- [Work order]: Here are the records. Write out exactly the lines between the one holding "Framed watercolor painting" and the one holding "Description: relaxed, cozy", inclusive.

- [Data]:
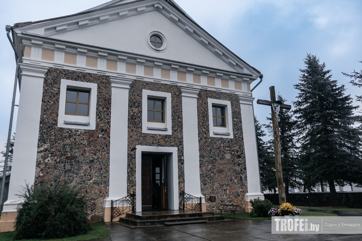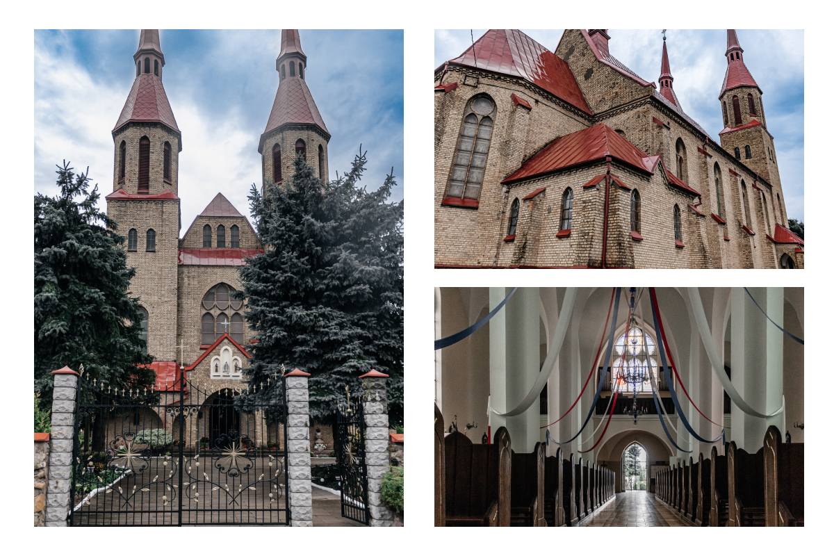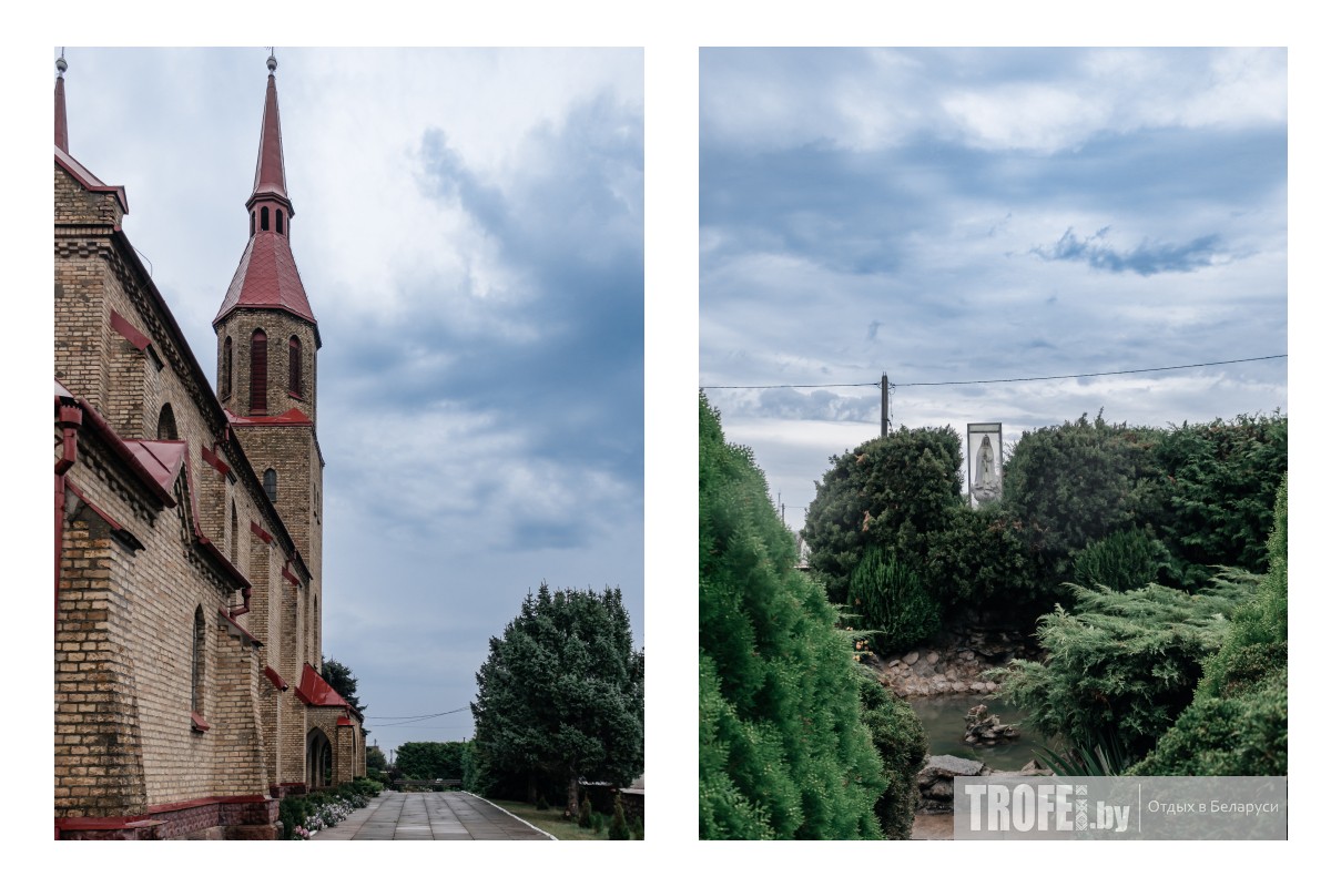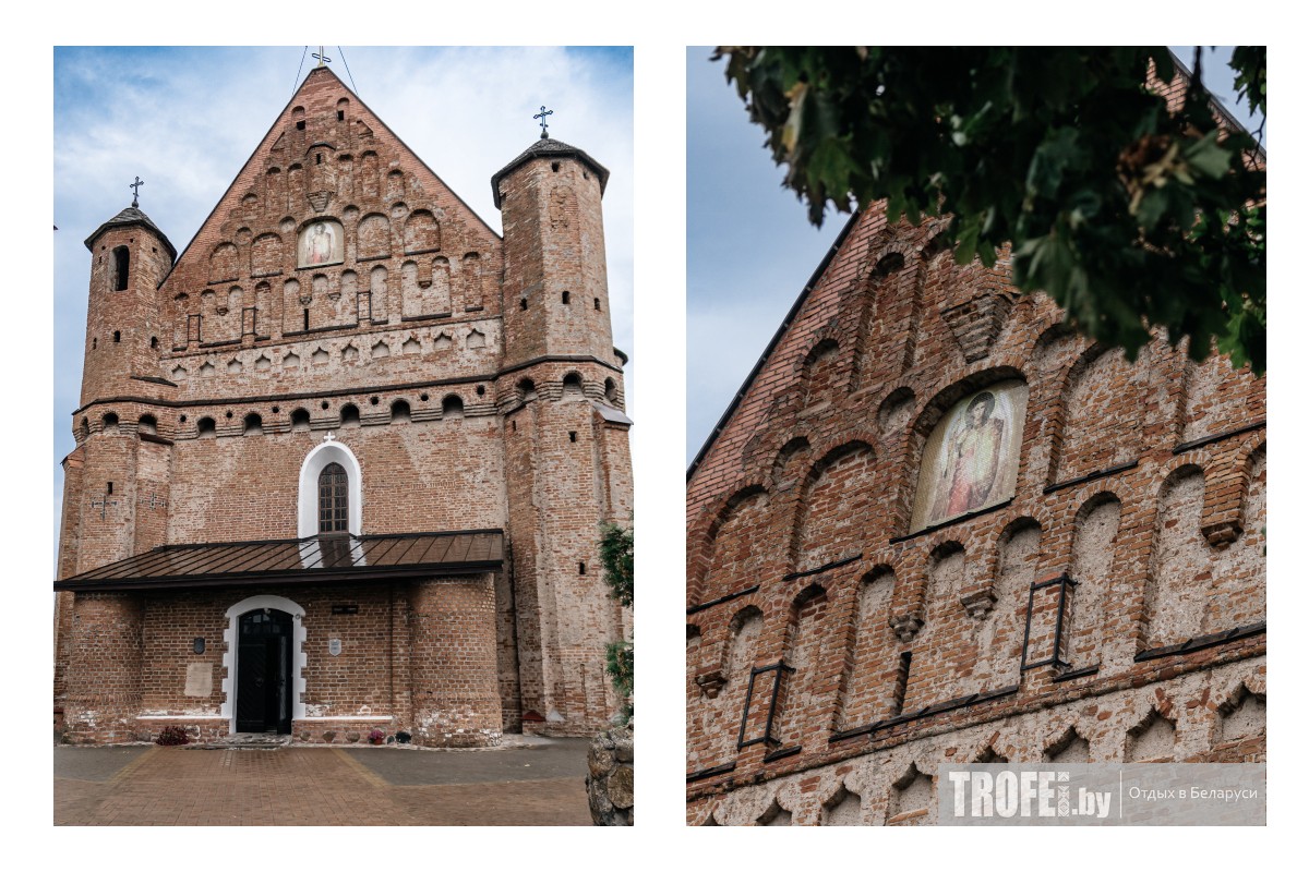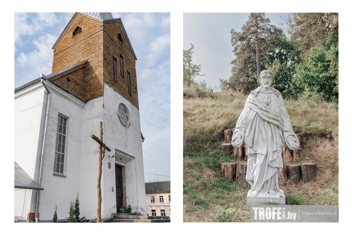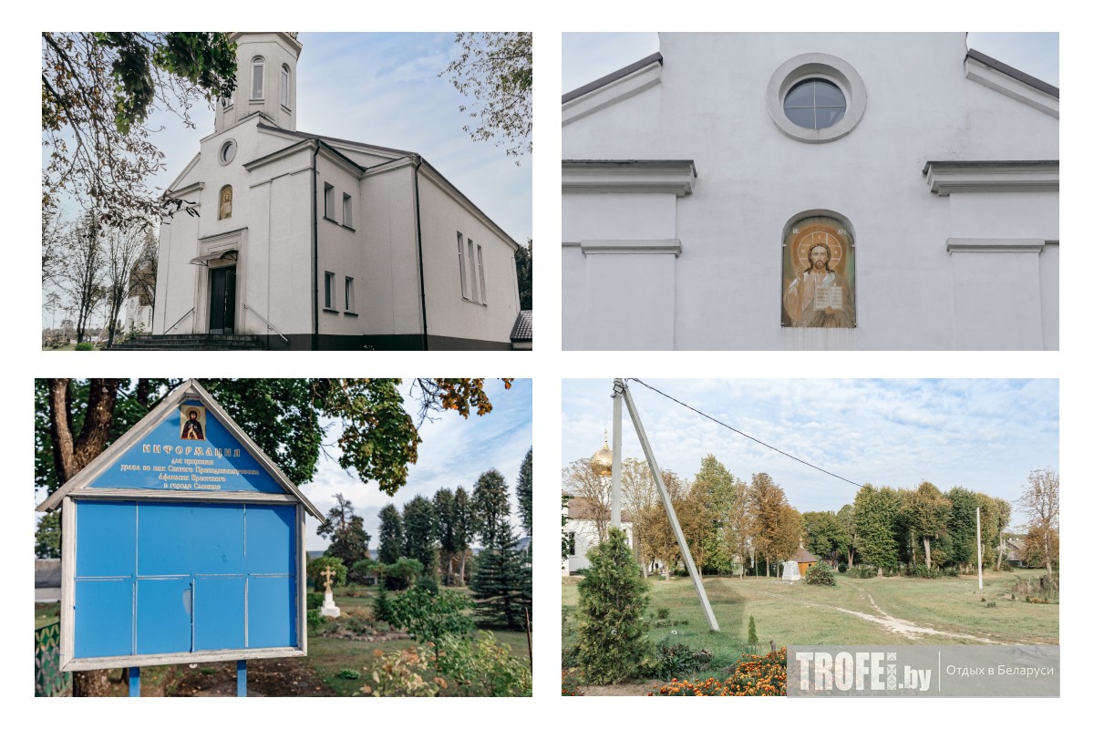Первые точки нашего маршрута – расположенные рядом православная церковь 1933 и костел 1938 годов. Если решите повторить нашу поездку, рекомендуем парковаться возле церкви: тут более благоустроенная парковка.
==
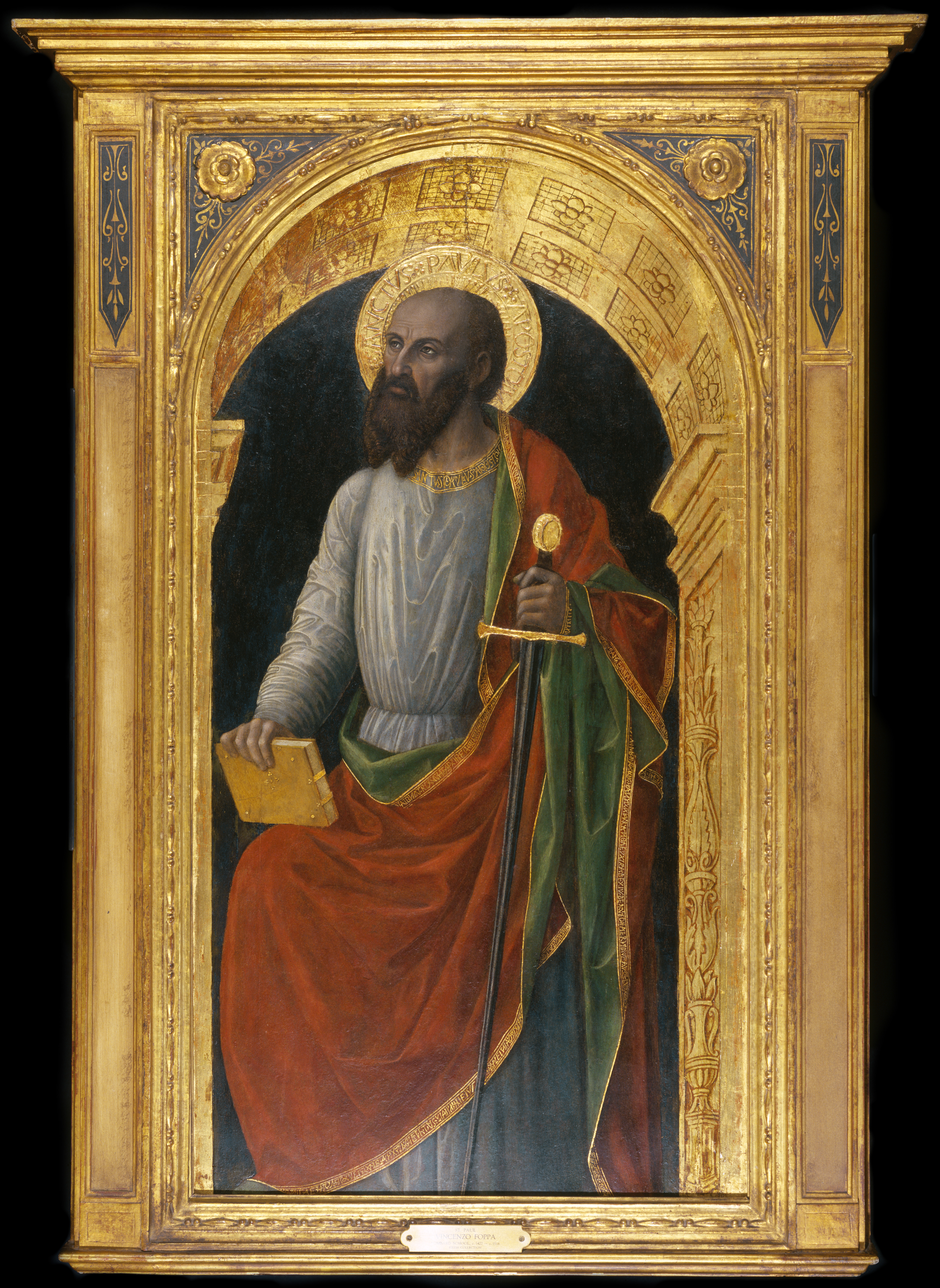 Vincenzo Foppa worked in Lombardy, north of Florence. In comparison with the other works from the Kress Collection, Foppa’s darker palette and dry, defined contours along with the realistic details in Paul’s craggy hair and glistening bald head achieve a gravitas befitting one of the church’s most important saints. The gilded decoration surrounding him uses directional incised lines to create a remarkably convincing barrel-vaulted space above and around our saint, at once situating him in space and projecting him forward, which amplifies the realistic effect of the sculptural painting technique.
* * *
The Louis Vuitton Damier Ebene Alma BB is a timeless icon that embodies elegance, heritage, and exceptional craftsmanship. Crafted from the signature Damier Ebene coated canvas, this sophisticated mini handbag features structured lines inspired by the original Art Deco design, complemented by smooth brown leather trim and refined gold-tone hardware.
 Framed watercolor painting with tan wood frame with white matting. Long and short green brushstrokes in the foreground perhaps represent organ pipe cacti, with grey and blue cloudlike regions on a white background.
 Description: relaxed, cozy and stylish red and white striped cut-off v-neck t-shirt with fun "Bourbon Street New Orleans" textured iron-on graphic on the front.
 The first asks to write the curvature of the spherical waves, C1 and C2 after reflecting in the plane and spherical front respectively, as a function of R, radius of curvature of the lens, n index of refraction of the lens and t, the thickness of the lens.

- [Task result]:
 Framed watercolor painting with tan wood frame with white matting. Long and short green brushstrokes in the foreground perhaps represent organ pipe cacti, with grey and blue cloudlike regions on a white background.
 Description: relaxed, cozy and stylish red and white striped cut-off v-neck t-shirt with fun "Bourbon Street New Orleans" textured iron-on graphic on the front.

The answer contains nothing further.